Towering Bruckner from GŁnter Wand
J Scott Morrison | Middlebury VT, USA | 11/27/2005
(5 out of 5 stars)
"This set of four DVDs is labeled 'Volume One' so we can presume that the rest of Bruckner's symphonies will appear in later volumes, I imagine. The performances all took place at the Schleswig-Holstein Music Festival between 1996 and 2001 and featured some of the last recorded performances conducted by Günter Wand who died only a few months after the last one. Wand is rightfully considered one of the finest ever Bruckner conductors and he himself says that he considers Bruckner to be the finest symphony composer since Beethoven. Even at the advanced age of 88 in the last performance, he conducts without a score and clearly is in complete control. His conducting style is spare, utilitarian rather than elegant, but it is obvious that he knows precisely what he wants and that the orchestra gives it to him. The subtle shifts in tempi, the slight rubati, the nuanced shaping of phrases and dynamics on his earlier Bruckner CDs are all evident here in his minimal gestures and the orchestra, the fine NDR Symphony, follows him utterly. These are treasurable performances enhanced by fine sound (LPCM Stereo only) and clear photography.
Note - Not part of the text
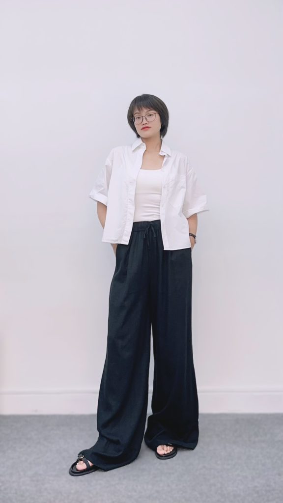 Áo sơmi linen thường có phom rộng. Những chiếc áo này tạo khoảng cách giữa trang phục và cơ thể, giúp làm mát tốt hơn. Bạn nên kết hợp cùng quần jeans hoặc chân váy có độ ôm vừa phải. Cách phối này sẽ giúp tổng thể trông gọn gàng, chỉn chu. Ngoài gam màu trắng, màu be cơ bản, tông màu pastel làm dịu đi cơn nóng mùa hè một cách hiệu quả.
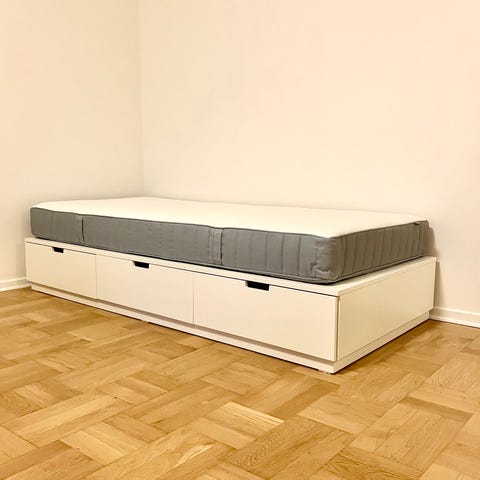 Ikea Nordli säng med förvaring och madrass i grått och vitt. Sängen har utdragslådor undertill som ger extra förvaringsutrymme. Madrassen är en resårmadrass ur serien Hövåg med quiltat överdrag. Passar som enkelsäng i sovrum eller gästrum. Alla delar är från Ikea och utformade för att användas tillsammans som komplett sänglösning med förvaring under liggytan.

The concerts take place in Lübeck, in its Music and Congress Hall, a modern auditorium with clean lines and good acoustics.
The symphonies presented a Bruckner's Nos. 5, 6, 8 and 9, as well as Schubert's No. 8 'Unfinished and Haydn's No. 76 in E Flat, Hob. 1:76. The latter two coupled with Bruckner No. 9 and No. 6 respectively. The total time for these four CDs is nearly six hours. There are no bonus features. Each of the four volumes was directed for television by a different director and one notes slight differences in style. One director, for instance, favors close-ups of the instruments without showing the faces of the musicians. Another, in the repeat of the Schubert first movement exposition, gives us an exact repeat of the visual shots from the first statement of the exposition, which is rather boring. But on the whole the camera work and editing are excellent and not distracting or inappropriate. Clearly it's the music that is important. There are many 'conductor shots' showing Wand head on. He looks aged and frail (and one can see him age noticeably between 1996 and 2001) but his conducting is nonetheless vigorous and alert throughout.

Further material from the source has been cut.